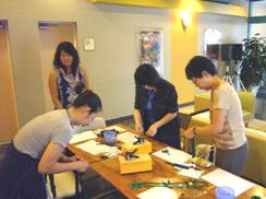 Leinaniワークショップのアシスタントをしてくれた明美ちゃん、ショップの店番と運転手をしてくれた主人。
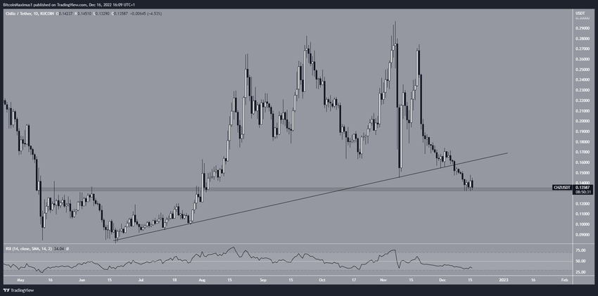 Giá CHZ đã giảm kể từ ngày 07/11. Nó tạo ra mức đỉnh thấp hơn vào ngày 19/11 trước khi giảm mạnh. Vào ngày 07/12, nó đã phá vỡ đường hỗ trợ tăng dần được tạo kể từ tháng 6. Đây là một dấu hiệu cho thấy chuyển động đi lên đã kết thúc.
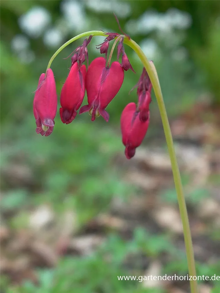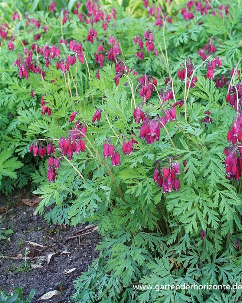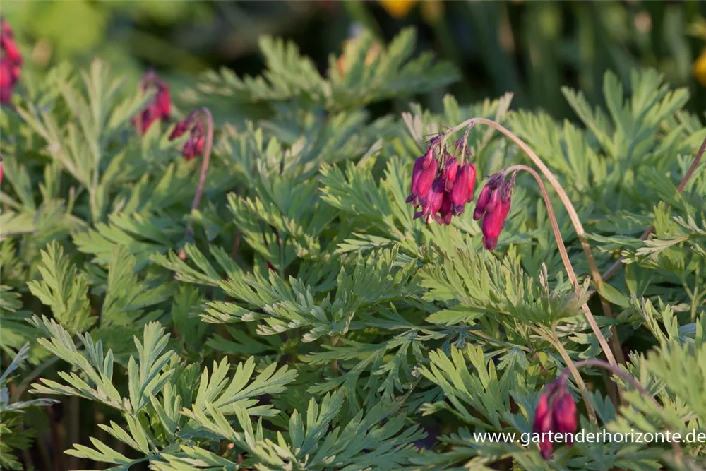Dicentra formosa 'Bacchanal' bildet in Trauben angeordnete, purpurrote Blüten ab Juni.
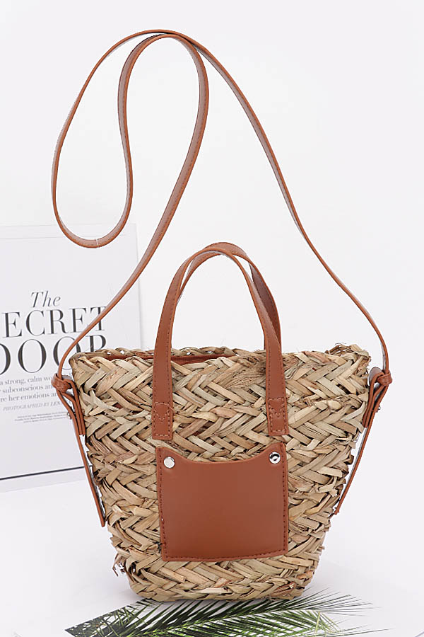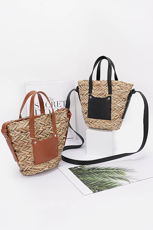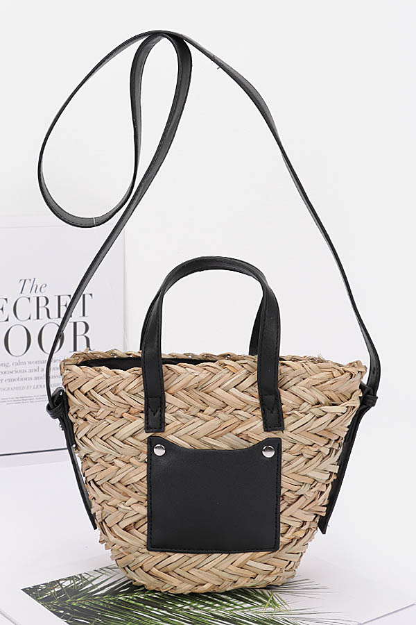 • * Faux Straw Small Tote Bag
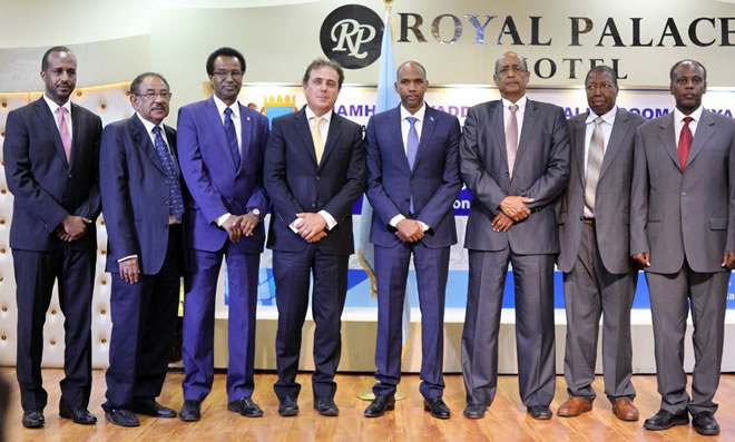 Somalia Prime Minister Khaire pictured in a photo group during the launch of the Somali economic council. Photo courtesy: OPM
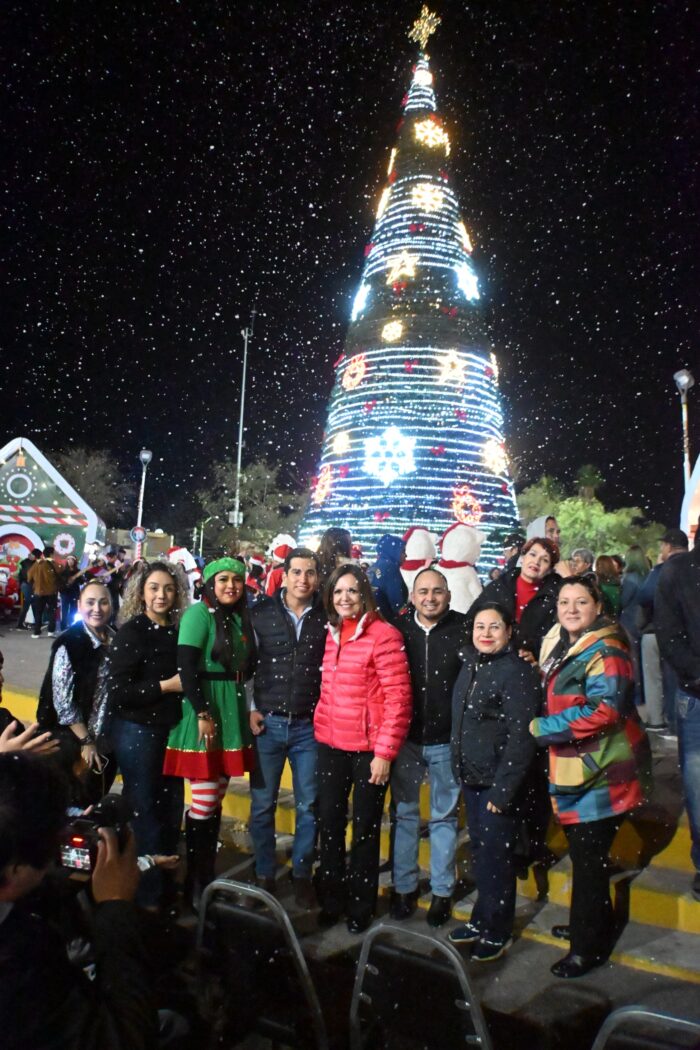 La alcaldesa resaltó el gran trabajo realizado por el equipo de Servicios Primarios, encabezado por Raúl Isaac Cárdenas, y por la Coordinación de Logística, dirigida por Ileana Ramos Ramos, quienes trabajaron de la mano con los departamentos de Educación y Arte y Cultura para dar vida a un escenario lleno de luz y color. Gracias a esta labor conjunta, los visitantes podrán disfrutar de un túnel iluminado de 10 metros, villas gigantes, un espectacular pino con luz LED y un sorpresivo y mágico show de nieve artificial. Entre duendes, luces y música, las familias vivieron una noche inolvidable en presencia de Santa Claus, quien llegó con su buzón para recibir las cartas de los niños. Sari Pérez expresó que esta atmósfera navideña refleja el entusiasmo y la unidad que caracterizan a las y los fronterenses.
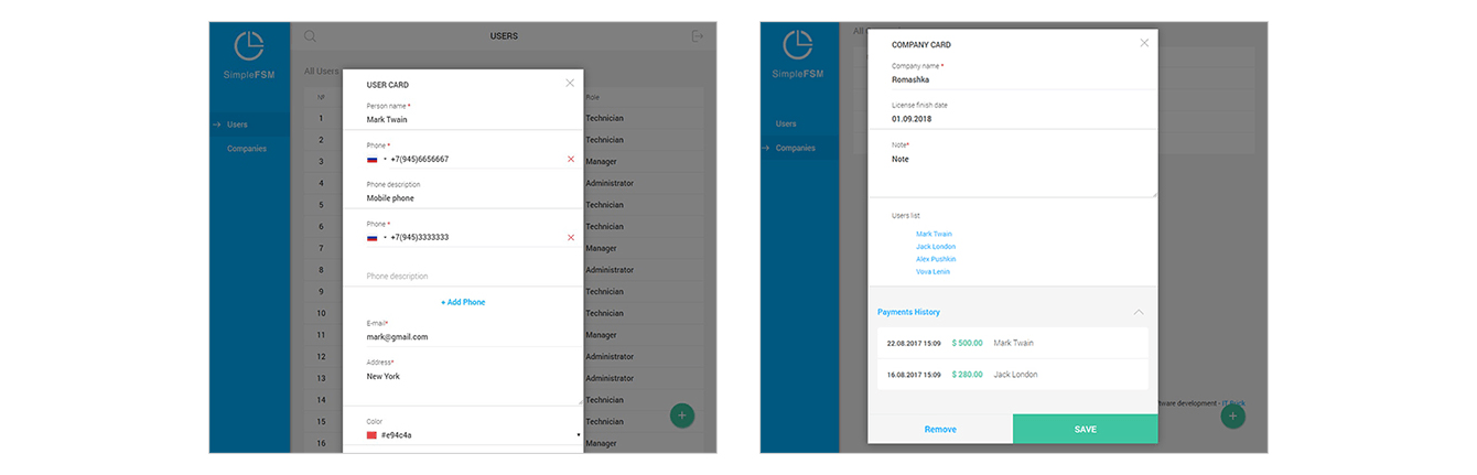 Администраторам также доступна веб-часть системы, разработанная для работы с компьютера. Веб-интерфейс позволяет работать с пользователями SimpleFSM, добавлять новых клиентов и управлять их лицензиями – доступом к мобильному приложению.

**How to complete this task:**
Beginning with the first entry above, reproduce every line verbatim until the line with "Dicentra formosa 'Bacchanal'", which is included too; omit pictures.

**Written reply:**
 Leinaniワークショップのアシスタントをしてくれた明美ちゃん、ショップの店番と運転手をしてくれた主人。
 Giá CHZ đã giảm kể từ ngày 07/11. Nó tạo ra mức đỉnh thấp hơn vào ngày 19/11 trước khi giảm mạnh. Vào ngày 07/12, nó đã phá vỡ đường hỗ trợ tăng dần được tạo kể từ tháng 6. Đây là một dấu hiệu cho thấy chuyển động đi lên đã kết thúc.
Dicentra formosa 'Bacchanal' bildet in Trauben angeordnete, purpurrote Blüten ab Juni.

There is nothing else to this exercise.